## YOUR GOAL
Produce the lines from the one containing "Beautiful handmade New" through the end of the material exactly as they appear, both ends included, and leave the pictures out.

## EXERCISE INPUTS

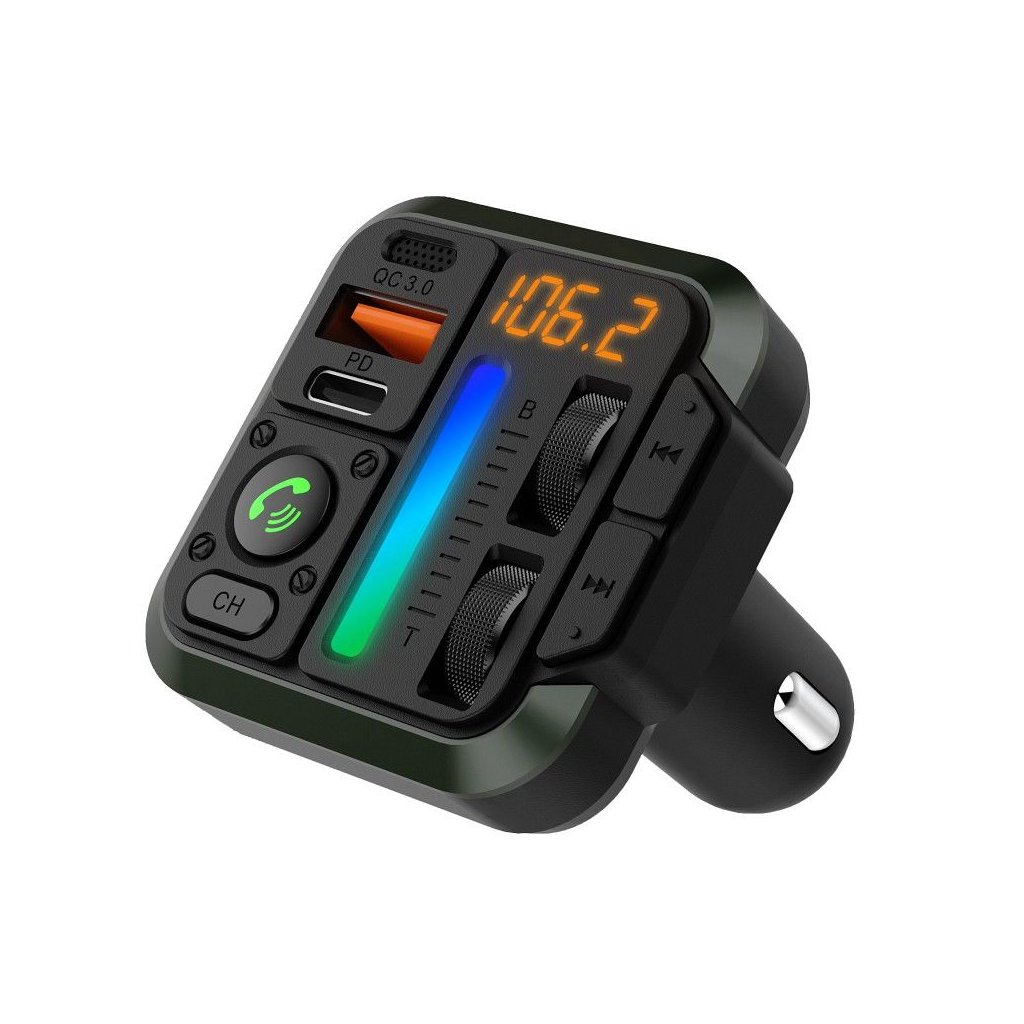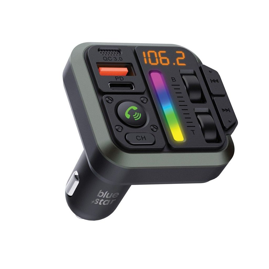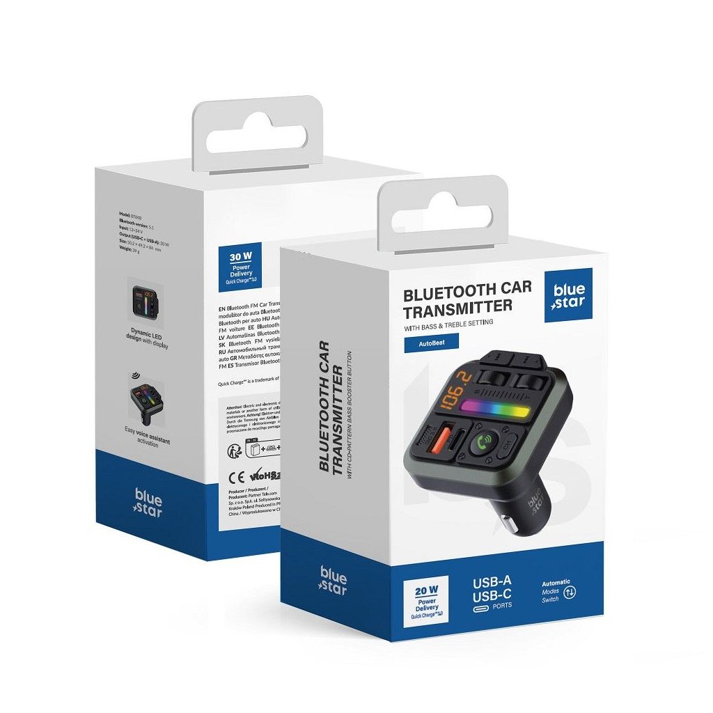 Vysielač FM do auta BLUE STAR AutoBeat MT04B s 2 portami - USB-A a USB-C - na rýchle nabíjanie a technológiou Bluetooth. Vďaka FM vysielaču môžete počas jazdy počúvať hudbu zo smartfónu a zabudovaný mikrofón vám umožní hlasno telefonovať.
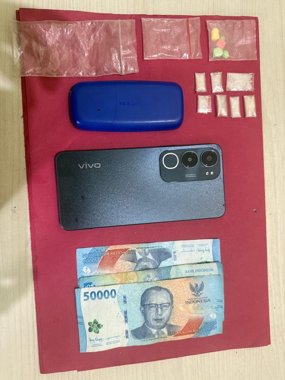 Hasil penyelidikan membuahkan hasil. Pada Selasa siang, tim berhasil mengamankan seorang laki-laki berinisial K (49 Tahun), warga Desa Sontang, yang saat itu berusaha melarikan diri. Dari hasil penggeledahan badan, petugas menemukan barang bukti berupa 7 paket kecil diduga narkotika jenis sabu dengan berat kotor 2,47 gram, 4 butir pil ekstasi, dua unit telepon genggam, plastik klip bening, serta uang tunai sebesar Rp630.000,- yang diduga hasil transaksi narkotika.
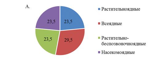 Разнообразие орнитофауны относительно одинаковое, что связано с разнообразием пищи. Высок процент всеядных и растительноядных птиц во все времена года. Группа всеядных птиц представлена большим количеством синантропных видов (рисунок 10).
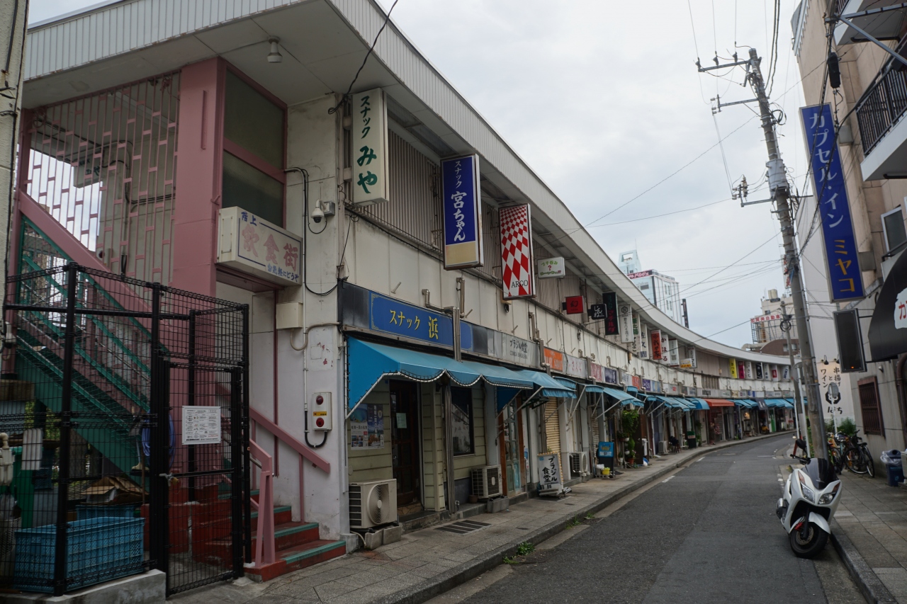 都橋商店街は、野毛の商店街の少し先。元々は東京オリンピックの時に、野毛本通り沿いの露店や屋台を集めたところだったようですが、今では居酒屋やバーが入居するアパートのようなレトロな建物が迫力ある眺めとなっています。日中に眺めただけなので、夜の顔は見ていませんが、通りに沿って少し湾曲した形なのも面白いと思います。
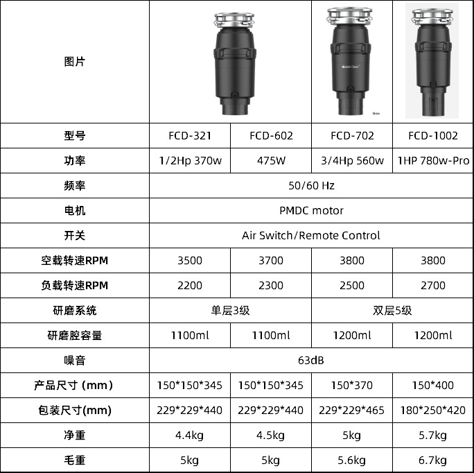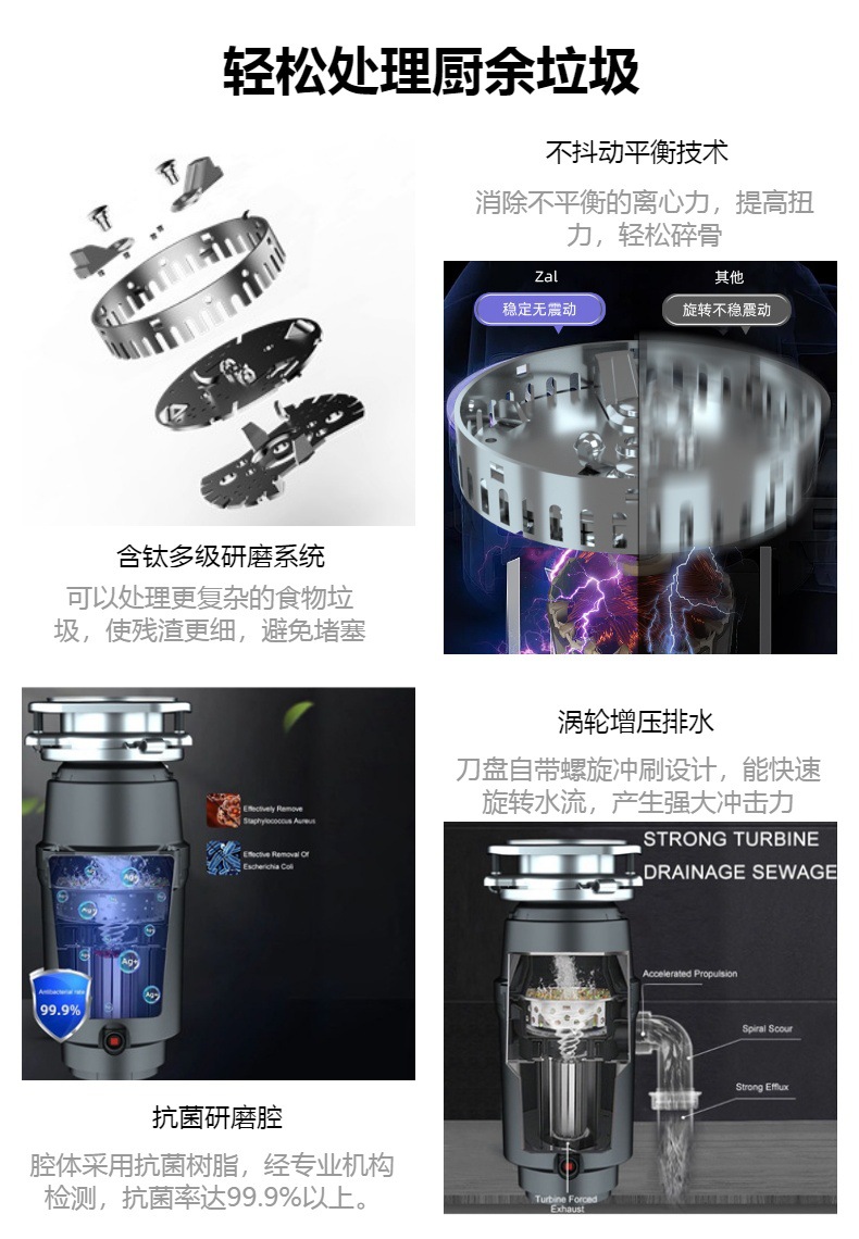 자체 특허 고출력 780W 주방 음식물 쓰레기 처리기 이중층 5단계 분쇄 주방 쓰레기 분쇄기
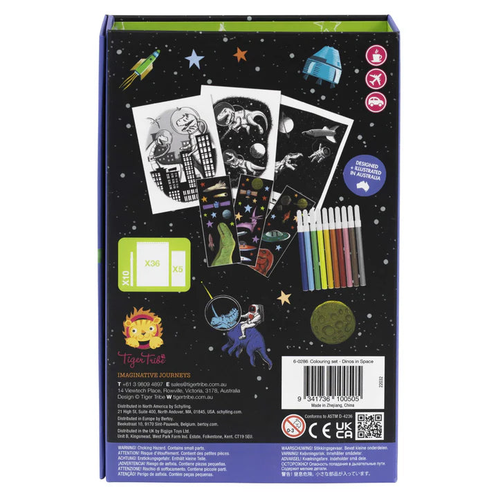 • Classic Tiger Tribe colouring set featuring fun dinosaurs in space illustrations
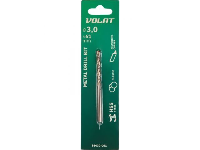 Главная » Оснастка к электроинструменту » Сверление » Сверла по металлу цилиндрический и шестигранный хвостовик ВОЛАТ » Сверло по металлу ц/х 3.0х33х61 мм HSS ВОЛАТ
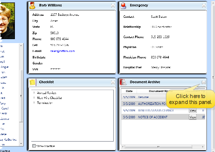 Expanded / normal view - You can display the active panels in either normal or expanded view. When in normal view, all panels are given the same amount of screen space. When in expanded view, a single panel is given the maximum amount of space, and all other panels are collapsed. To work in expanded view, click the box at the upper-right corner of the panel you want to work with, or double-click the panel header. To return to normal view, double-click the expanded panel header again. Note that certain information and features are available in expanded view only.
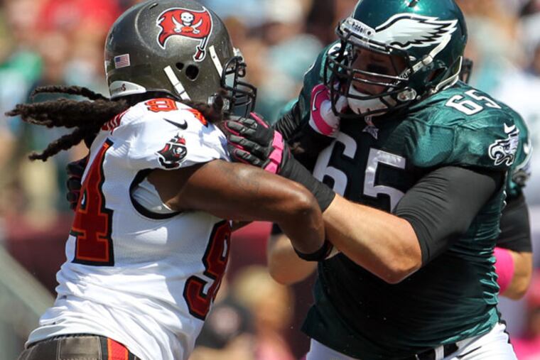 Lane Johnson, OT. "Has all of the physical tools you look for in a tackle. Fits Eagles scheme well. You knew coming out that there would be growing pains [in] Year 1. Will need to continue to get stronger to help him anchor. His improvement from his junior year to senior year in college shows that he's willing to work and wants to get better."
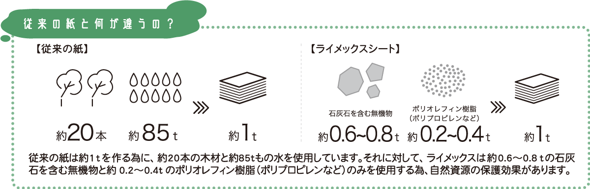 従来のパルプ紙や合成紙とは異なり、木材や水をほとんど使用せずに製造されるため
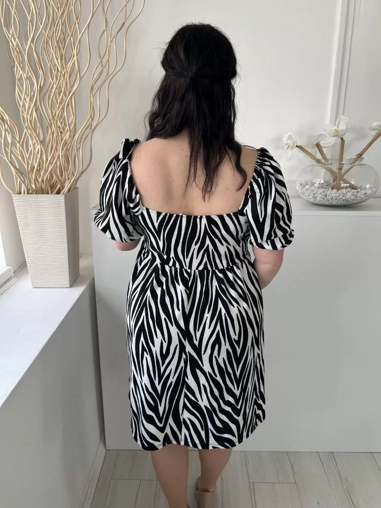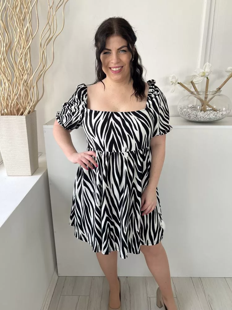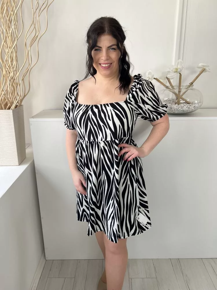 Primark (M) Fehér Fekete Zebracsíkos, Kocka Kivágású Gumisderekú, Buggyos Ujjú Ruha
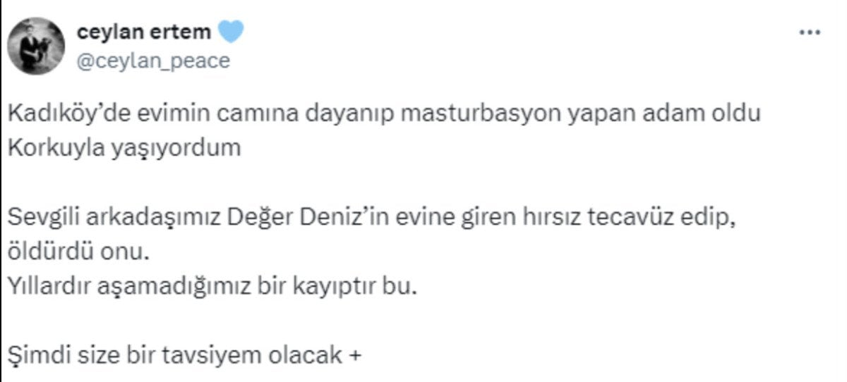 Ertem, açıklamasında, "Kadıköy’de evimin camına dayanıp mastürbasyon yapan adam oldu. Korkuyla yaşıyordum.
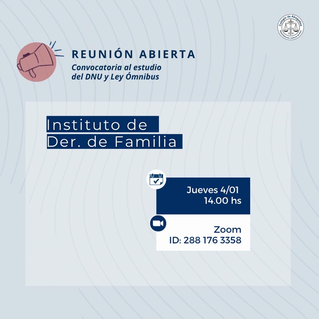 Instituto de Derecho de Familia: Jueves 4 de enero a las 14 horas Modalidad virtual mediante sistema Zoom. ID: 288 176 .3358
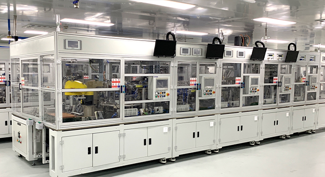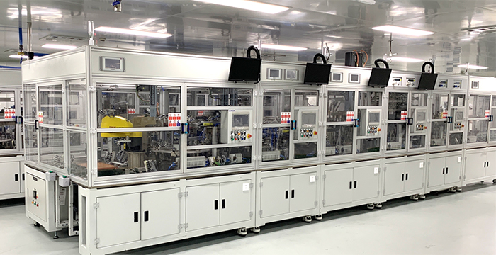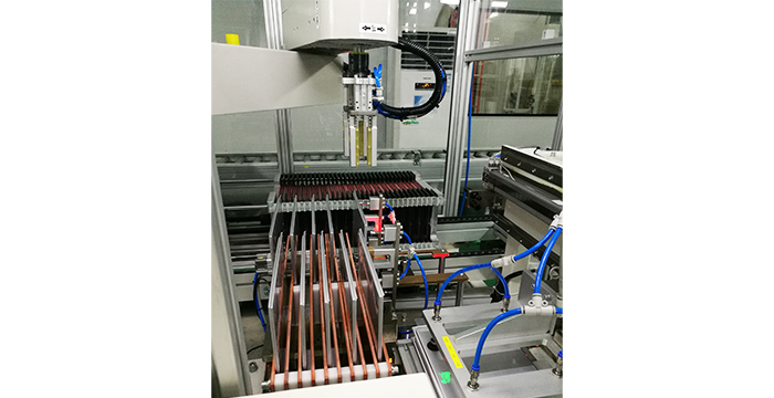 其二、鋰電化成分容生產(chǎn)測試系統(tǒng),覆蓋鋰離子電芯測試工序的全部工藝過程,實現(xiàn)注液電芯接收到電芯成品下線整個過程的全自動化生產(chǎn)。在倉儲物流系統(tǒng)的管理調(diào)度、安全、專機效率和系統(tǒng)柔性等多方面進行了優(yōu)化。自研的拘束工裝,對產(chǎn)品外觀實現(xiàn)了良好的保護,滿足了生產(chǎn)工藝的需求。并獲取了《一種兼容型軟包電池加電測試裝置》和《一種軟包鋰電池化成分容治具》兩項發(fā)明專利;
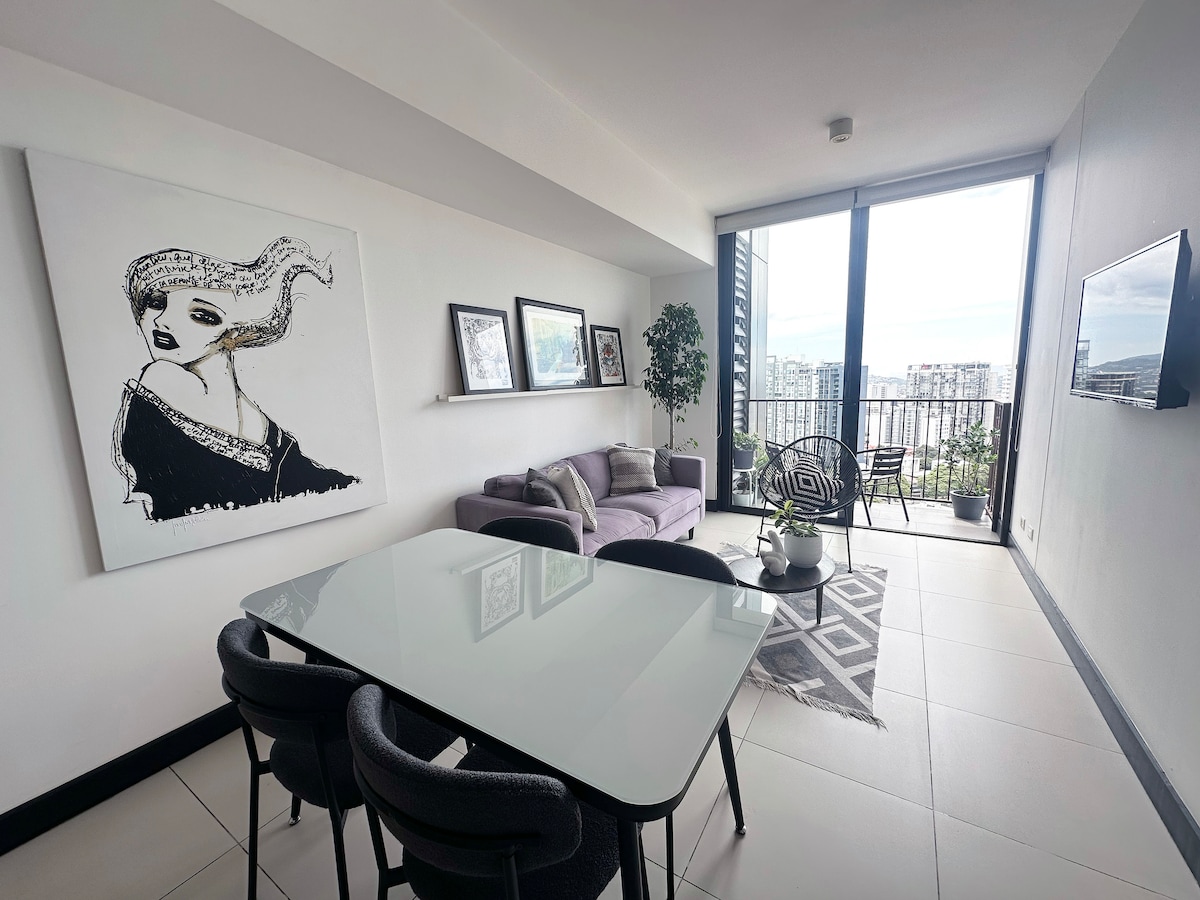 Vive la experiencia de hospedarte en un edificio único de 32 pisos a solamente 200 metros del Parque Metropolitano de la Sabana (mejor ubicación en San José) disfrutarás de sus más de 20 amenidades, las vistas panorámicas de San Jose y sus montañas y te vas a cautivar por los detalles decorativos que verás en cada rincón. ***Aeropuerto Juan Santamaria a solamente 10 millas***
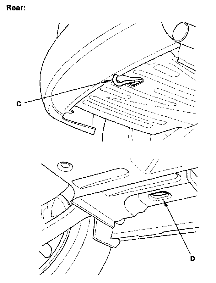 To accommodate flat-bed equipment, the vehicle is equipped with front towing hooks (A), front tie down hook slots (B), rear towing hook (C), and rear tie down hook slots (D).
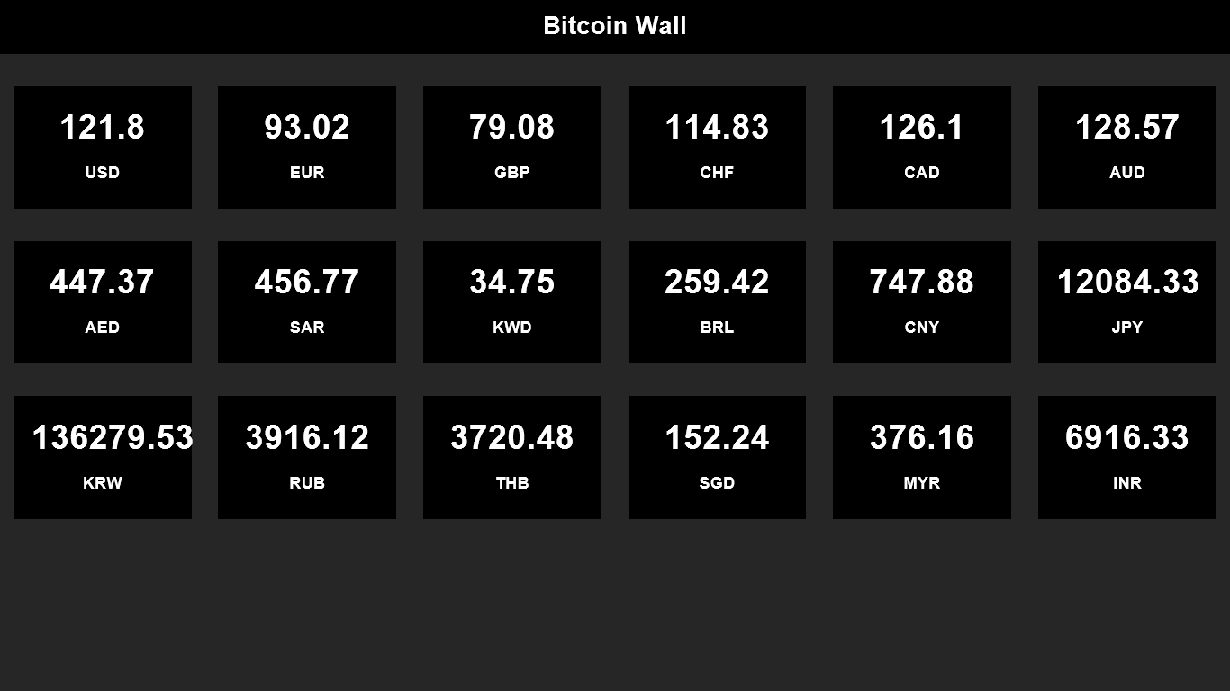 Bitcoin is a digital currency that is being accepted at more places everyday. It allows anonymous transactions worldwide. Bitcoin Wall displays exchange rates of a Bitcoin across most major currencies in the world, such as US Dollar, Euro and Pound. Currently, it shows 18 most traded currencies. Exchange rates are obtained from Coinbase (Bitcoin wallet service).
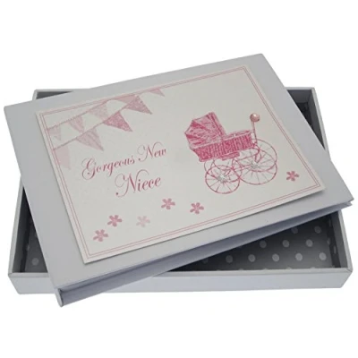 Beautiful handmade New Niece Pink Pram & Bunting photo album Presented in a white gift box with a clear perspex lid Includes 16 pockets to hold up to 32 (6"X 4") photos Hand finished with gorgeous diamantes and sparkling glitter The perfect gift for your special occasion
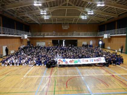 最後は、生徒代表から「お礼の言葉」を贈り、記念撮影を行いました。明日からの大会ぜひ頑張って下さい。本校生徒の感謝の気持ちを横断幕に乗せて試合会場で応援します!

## EXPECTED OUTPUT
 Beautiful handmade New Niece Pink Pram & Bunting photo album Presented in a white gift box with a clear perspex lid Includes 16 pockets to hold up to 32 (6"X 4") photos Hand finished with gorgeous diamantes and sparkling glitter The perfect gift for your special occasion
 最後は、生徒代表から「お礼の言葉」を贈り、記念撮影を行いました。明日からの大会ぜひ頑張って下さい。本校生徒の感謝の気持ちを横断幕に乗せて試合会場で応援します!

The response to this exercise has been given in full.